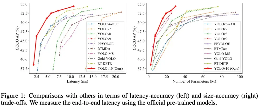YOLOv10 的突破就在于从后处理和模型架构方面进一步提升了 YOLO 的性能 - 效率边界。
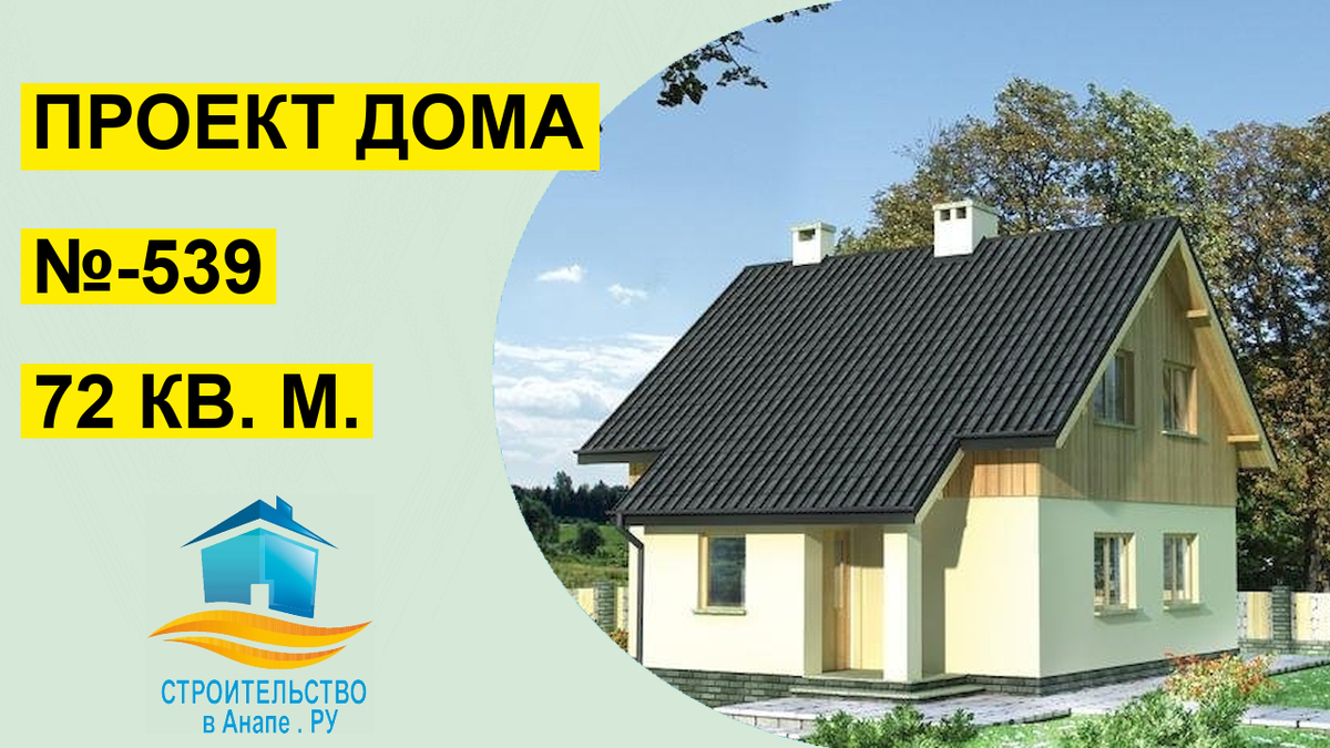 Проект дома 72 м² (№-539) Планировка, внешний вид, варианты материалов для строительства.
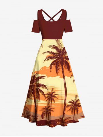 Graphic Dresses > Plus Size Coconut Tree Ombre Dusk Print Hawaii Cold Shoulder Crisscross A Line Maxi Dress
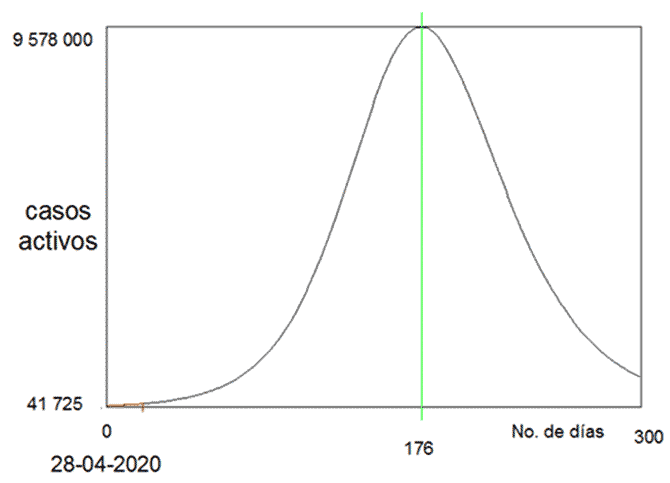 A partir de los datos del 18 de abril, el Dr. López-Gatell infirió que el final de la pandemia debería darse antes del 25 de junio, lo cuál fue un error más de su equipo. La lámina superior es copia de la mostrada durante la conferencia de ese día. En la lámina inferior mostramos una curva calculada por José Luis Marroquín (CIMAT, Guanajuato) que predice el fin de la pandemia para septiembre de este año.
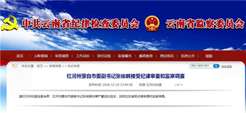 昆明信息港訊 紅河州紀(jì)委監(jiān)委消息,紅河州蒙自市委副書(shū)記張俊鵬涉嫌嚴(yán)重違紀(jì)違法,目前正在接受紀(jì)律審查和監(jiān)察調(diào)查。
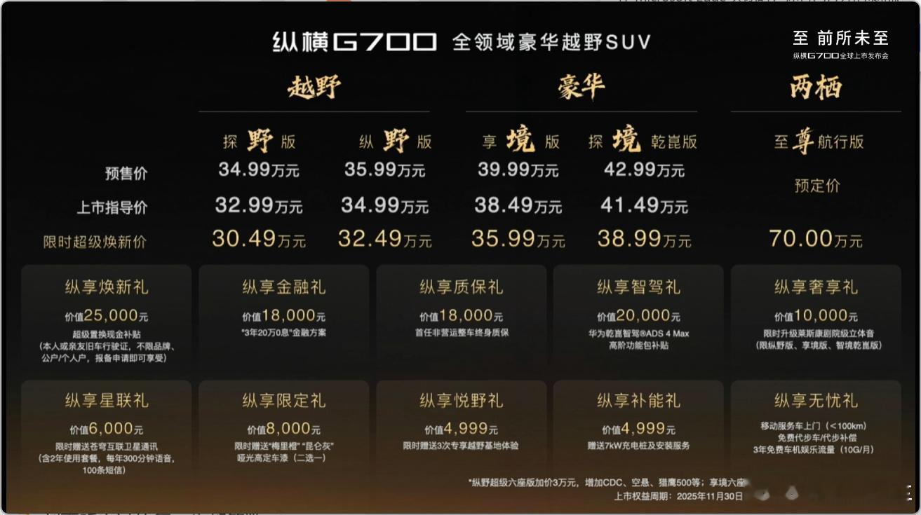 左右观车 纵横G700上市,指导价32.99万元起,限时置换价格30.49万元。 ​​​

____

*Exercise brief*
Copy exactly the lines of the listing above between the one holding "Проект дома 72" and the one holding "Graphic Dresses >", inclusive; omit all pictures.

*Task answer*
 Проект дома 72 м² (№-539) Планировка, внешний вид, варианты материалов для строительства.
 Graphic Dresses > Plus Size Coconut Tree Ombre Dusk Print Hawaii Cold Shoulder Crisscross A Line Maxi Dress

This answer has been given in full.